## What this task involves
All pictures are to be dropped, and the remaining data set down exactly.

## Raw data
--*--
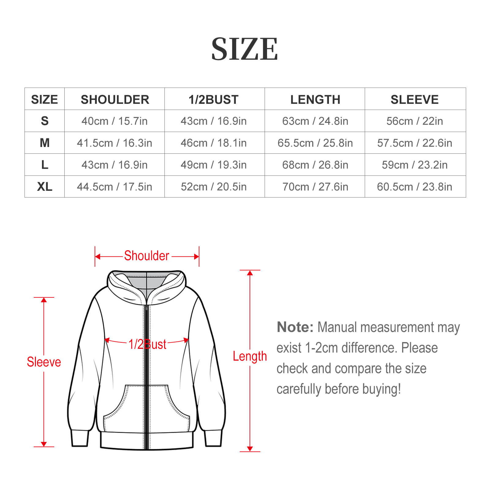 尺码 | 肩宽 (cm/in) | 1/2胸围 (cm/in) | 衣长 (cm/in) | 袖长(cm/in) |
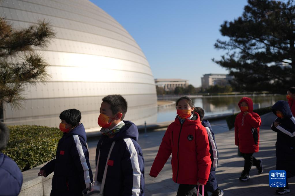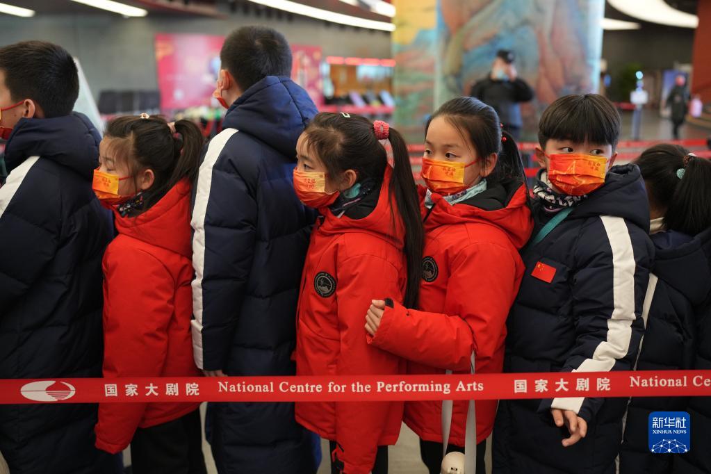 马兰花儿童合唱团的孩子们排队进入国家大剧院录音(1月17日摄)。
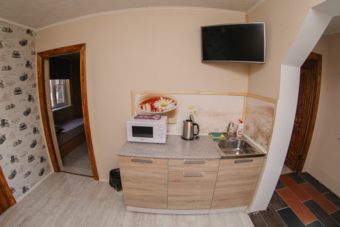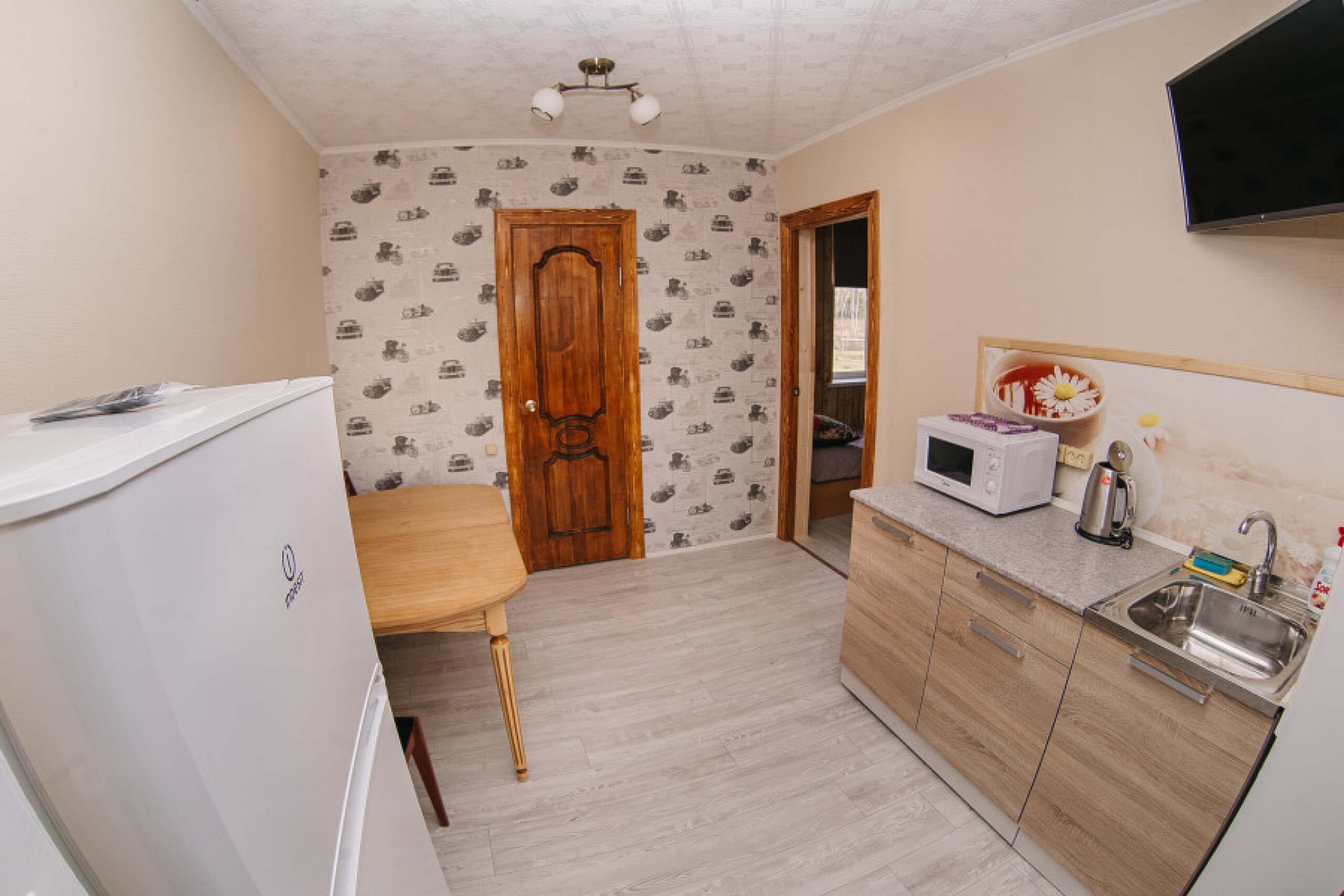 Описание: четырехместный номер: с кухней и 2-мя комнатами, кровати: 4-е одноместные. Все удобства в номере: душ, раковина, туалет. Для комфортного отдыха также имеются: телевизор, чайник, посуда, микроволновка, холодильник.
--*--
## Written solution
 尺码 | 肩宽 (cm/in) | 1/2胸围 (cm/in) | 衣长 (cm/in) | 袖长(cm/in) |
 马兰花儿童合唱团的孩子们排队进入国家大剧院录音(1月17日摄)。
 Описание: четырехместный номер: с кухней и 2-мя комнатами, кровати: 4-е одноместные. Все удобства в номере: душ, раковина, туалет. Для комфортного отдыха также имеются: телевизор, чайник, посуда, микроволновка, холодильник.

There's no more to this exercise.